Thank you for your continued support! I have decided to try to have the issue addressed, and found a older gent across the border in New Hampshire who knows his way around the old Colts. He's going to look at it and is quite confident that the repair is minor, based on its described symptoms. I really do want to keep it, as it fits so well with my martial arms collection.

It's funny, I've had several S&W 1917s. All of them, I would say, were more attractively finished that the Colt, and even fit my hand better. However, there's just something about the Colt, something intangible that draws me to it, and finds affection in a way that the S&W variety just doesn't.

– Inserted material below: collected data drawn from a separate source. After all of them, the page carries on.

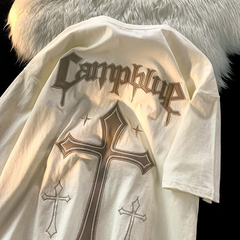 纯棉美式高街十字架印花短袖t恤女学生潮牌百搭宽松显瘦打底衫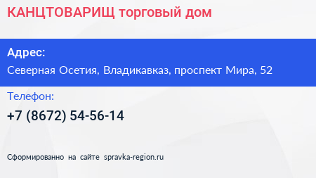 КАНЦТОВАРИЩ, торговый дом по адресу Северная Осетия, Владикавказ, проспект Мира, 52 в дальнейшем Организация, размещена в следующих категориях: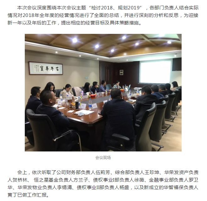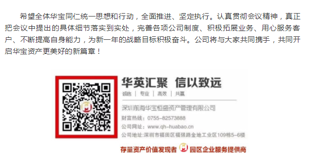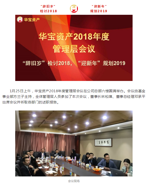 1月25日上午,华宝资产2018年度管理层会议在公司总部六楼圆满举办。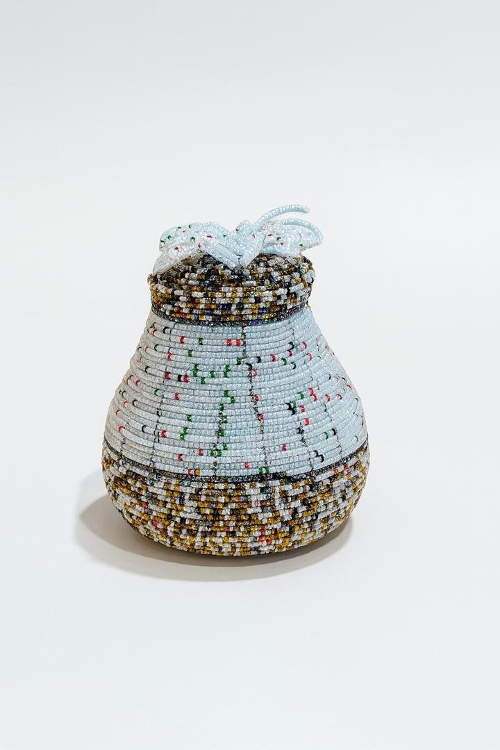 A stunning handcrafted beaded basket showcasing intricate artistry and vibrant detail. Designed with multicolored glass beads in earthy and pastel tones, it features a removable lid and elegant rounded form — perfect as a unique home accent or cultural centerpiece that celebrates traditional African craftsmanship.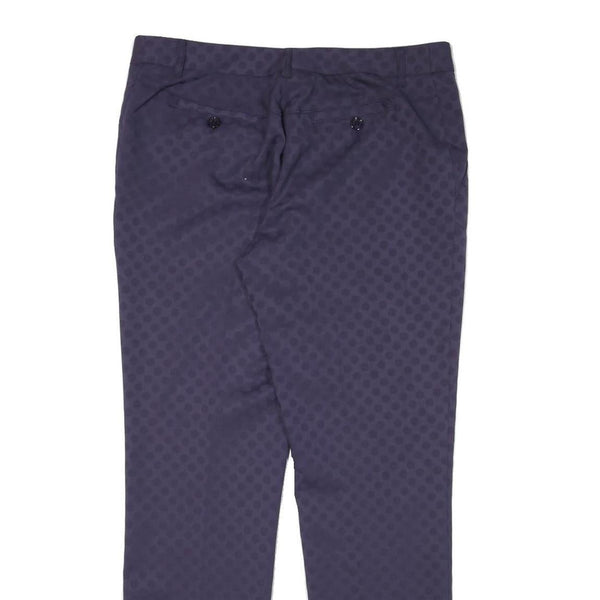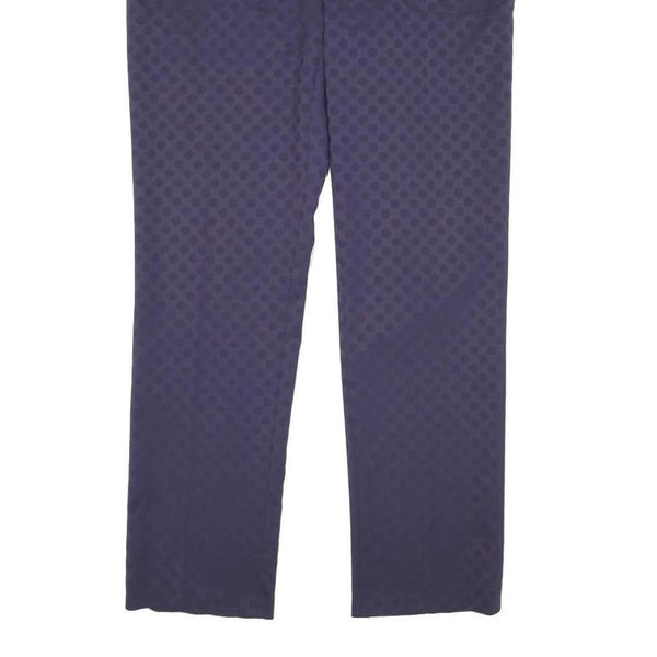 These Womens MOSCHINO trousers feature a subtle embossed dot pattern in a rich blue shade, offering a sophisticated texture to classic straight-leg trousers. The front closure includes a zip and button, with belt loops for added waist styling possibilities.

Anyway, I'm going to see the man tonight after work, and hopefully the 90-year old revolver will have a new lease on life.

Thanks again,

vanfunk
 
Well, I just got a message from the nice gent across the border - gun's fixed! I'll pick the ol' girl up tomorrow morning and take her straight to the range for a workout. Report to follow...

vanfunk
 
Update

UPDATE:

WOW! Fast turnaround with my new best friend at the State Line Gun Shop in Mason, NH. I dropped the gun off on Friday, he called on Sunday and told me to swing by and pick it up. I was charged $35 to fix the timing issue, and now the old warhorse locks up like new. Me make happy dance:D

Thanks again,

vanfunk
 
Today, few people know it, but these Colts were designed and made so that problems with timing could be corrected through adjustments rather then by replacing parts. I am not surprised at the outcome since you found an individual that knew what he was doing. Generally when you find one that can't be fixed within a half hour its because of owner abuse, or someone's basement shop action job. The New Service/Model 1917 wasn't as finely finished as a similar Smith & Wesson, but they are a darn rugged piece of machinery. Enjoy the one you decided to keep. ;)
 
Allthough I am 3000 miles away, I have heard good things about State Line Gun Shop. I stopped in there a couple years ago on a New England vacation. A good place to go!